Большинство старших офицеров пришли при полном параде. Конечно же не сам Сьюзен, поскольку ВКОТ никогда не спускался с олимпийских высот своей резиденции в старом здании посольства США, где, по слухам, каждую ночь проводил в одиночестве за просмотром голливудских фильмов. ВКОТ любил вестерны. Особенно вестерны с Гэри Купером. Я слышал, что наш американский Микадо смотрел «Генерал умер на рассвете»больше десяти раз. Сам Уиллоуби, не замеченный в особой любви к кинематографу, явился, таща за собой на буксире бравого молодого офицера.
Ёсико Ямагути стояла в толпе, как тропическая птица, и выглядела совершенно бесподобно в красном с золотом кимоно. Все вскочили, когда она торжественно вошла в зал в сопровождении Окуно, ее партнера, и еще одного мужчины постарше, которого я не знал. Оба ее спутника – в смокингах с иголочки. Мужчина постарше наградил присутствующих гостей легким поклоном седой головы. Я попытался попасться госпоже Ёсико на глаза, когда она проходила рядом с моим креслом, но она меня не узнала. Понимаю, не следовало мне этого делать. Я чувствовал отвращение к себе, потому что вел себя как одурманенный поклонник, стоящий в очереди за автографами. Да и с чего было ей меня узнавать? Но ничего не мог с собой поделать. Такой уж я человек. Безнадежно благоговею перед знаменитостями.
В самой картине, кроме божественной госпожи Ёсико, не было ничего особо примечательного. К тому же фильм я уже видел на специальном просмотре для отдела цензуры. Естественно, сеанс прошел без единой заминки. К моему большому изумлению, во время сцены с поцелуем весь зал внезапно резко вздохнул, а затем (что показалось мне очень странным) раздались такие аплодисменты, словно мы наблюдали за парой акробатов или за дрессированными тюленями. Хотя, вообще-то, поцелуй – это не так уж и сложно. Похоже, зрители просто радостно выдохнули после этакого напряжения. Зато после Великого Поцелуя сюжет фильма выдохся, увы, окончательно.

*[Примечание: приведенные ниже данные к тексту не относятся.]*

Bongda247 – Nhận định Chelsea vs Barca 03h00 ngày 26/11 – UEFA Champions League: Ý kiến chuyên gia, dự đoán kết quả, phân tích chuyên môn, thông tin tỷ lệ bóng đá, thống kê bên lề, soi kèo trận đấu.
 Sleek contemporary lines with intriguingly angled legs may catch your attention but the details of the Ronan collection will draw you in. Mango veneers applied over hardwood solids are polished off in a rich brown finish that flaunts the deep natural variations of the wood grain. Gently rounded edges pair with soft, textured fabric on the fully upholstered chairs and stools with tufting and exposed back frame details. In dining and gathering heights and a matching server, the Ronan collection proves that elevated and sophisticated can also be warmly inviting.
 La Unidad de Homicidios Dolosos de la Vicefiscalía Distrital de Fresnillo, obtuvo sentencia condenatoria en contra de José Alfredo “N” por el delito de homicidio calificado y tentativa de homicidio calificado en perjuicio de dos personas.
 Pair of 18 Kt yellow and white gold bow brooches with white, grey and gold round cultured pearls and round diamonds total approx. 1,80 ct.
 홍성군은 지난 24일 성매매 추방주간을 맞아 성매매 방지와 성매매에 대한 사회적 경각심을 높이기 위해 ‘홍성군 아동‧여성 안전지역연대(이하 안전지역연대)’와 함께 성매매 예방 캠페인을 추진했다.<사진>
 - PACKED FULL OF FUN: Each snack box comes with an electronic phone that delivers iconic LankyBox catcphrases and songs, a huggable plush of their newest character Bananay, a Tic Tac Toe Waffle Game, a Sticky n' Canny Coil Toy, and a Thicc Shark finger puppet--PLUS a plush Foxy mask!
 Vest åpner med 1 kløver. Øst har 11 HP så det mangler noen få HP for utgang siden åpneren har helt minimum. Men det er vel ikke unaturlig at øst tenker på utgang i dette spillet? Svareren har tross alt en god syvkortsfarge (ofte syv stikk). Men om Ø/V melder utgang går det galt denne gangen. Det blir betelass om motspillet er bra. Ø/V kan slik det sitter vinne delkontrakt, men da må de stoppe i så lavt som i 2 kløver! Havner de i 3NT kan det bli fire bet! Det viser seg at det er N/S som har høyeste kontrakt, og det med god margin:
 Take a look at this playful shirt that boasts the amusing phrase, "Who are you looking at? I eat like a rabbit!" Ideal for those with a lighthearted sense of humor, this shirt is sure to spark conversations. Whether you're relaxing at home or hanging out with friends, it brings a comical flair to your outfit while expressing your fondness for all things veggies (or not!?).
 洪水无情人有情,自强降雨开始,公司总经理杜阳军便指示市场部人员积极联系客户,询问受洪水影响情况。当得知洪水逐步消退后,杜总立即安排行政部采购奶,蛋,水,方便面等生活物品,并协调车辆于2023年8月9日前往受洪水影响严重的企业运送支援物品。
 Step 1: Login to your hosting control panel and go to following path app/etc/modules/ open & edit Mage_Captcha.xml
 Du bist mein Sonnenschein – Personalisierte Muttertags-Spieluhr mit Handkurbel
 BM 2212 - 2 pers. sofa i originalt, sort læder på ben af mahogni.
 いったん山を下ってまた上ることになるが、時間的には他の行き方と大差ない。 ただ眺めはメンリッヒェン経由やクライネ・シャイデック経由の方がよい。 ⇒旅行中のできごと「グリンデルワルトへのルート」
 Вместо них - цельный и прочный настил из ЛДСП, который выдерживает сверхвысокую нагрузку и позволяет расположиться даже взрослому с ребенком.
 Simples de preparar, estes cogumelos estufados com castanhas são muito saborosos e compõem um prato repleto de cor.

А вот сквер-данс, напротив, получился весьма занятным. Все происходило в бальном зале отеля «Империал» – громадном пространстве, украшенном весьма неудобными креслами в стиле Людовика XVI. В течение многих недель Мерфи репетировал с несколькими мужчинами и женщинами из числа служащих нашего отдела, чтобы они могли уверенно выступить. Несколько японок из секретарского отдела нарядились в длинные широкие юбки и крестьянские блузки. На мужчинах были ярко-красные ковбойские рубашки с галстуком-боло и белые ковбойские шляпы. Я даже представить не мог, где Мерфи умудрился раздобыть всю эту экипировку, в которой японцы казались такими щуплыми, словно их плохо кормили: рукава слишком длинные, воротники чересчур широкие. Когда танцоры заняли свои места, оркестр, состоявший из скрипача, контрабасиста и толстого мужика, играющего на банджо, врезал деревенский мотивчик. Танцоры попеременно менялись местами, кружились, взявшись за руки, и совершали повороты, а Мерфи, как усердный учитель, объявлял для пораженных зрителей названия танцевальных фигур.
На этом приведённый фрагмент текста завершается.